Voice conversion (VC) refers to the technique of modifying one speaker’s voice to mimic another’s while retaining the original linguistic content. This technology finds its applications in fields such as speech synthesis, accent modification, medicine, security, privacy, and entertainment. Among the various deep generative models used for voice conversion, including variational autoencoders (VAEs) and generative adversarial networks (GANs), diffusion models (DMs) have recently gained attention as promising methods due to their training stability and strong performance in data generation. Nevertheless, traditional DMs focus mainly on learning reconstruction paths like VAEs, rather than conversion paths as GANs do, thereby restricting the quality of the converted speech. To overcome this limitation and enhance voice conversion performance, we propose a cycle-consistent diffusion (CycleDiffusion) model, which comprises two DMs: one for converting the source speaker’s voice to the target speaker’s voice and the other for converting it back to the source speaker’s voice. By employing two DMs and enforcing a cycle consistency loss, the CycleDiffusion model effectively learns both reconstruction and conversion paths, producing high-quality converted speech.

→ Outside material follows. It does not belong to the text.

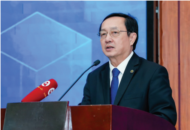
Bộ trưởng Bộ KH&CN Huỳnh Thành Đạt phát biểu tại buổi họp báo công bố PII 2023 (ngày 12/03/2024).

Ở cấp địa phương, do chỉ số GII đánh giá ở cấp quốc gia nên nhiều số liệu thống kê ở cấp địa phương không có. Phương pháp đánh giá theo quy chuẩn quốc tế còn mới nên một số nội dung không tương đồng với thực tiễn tại các địa phương của Việt Nam. Bên cạnh đó, do có sự khác biệt giữa các địa phương về quy mô kinh tế - xã hội (KT-XH), dân số, đất đai, cơ cấu kinh tế, định hướng phát triển..., nên các địa phương sẽ phải lựa chọn mô hình phát triển KT-XH dựa trên KH,CN&ĐMST khác nhau để phù hợp với bối cảnh, điều kiện, đặc điểm riêng. Vì vậy, nhiều địa phương đã kiến nghị cần có bộ PII để có căn cứ khoa học và số liệu minh chứng phục vụ cho công tác chỉ đạo, điều hành phát triển KT-XH dựa trên KH,CN&ĐMST ở địa phương được tốt hơn, sát với thực tiễn hơn.

The effectiveness of the proposed model in voice conversion is validated through experiments using the VCTK (Voice Cloning Toolkit) dataset

Full paper is available at https://www.mdpi.com/2076-3417/14/20/9595

Samples

Audio samples are taken from the VCTK data set [1].

A. Audio samples

Some samples are presented in the table below.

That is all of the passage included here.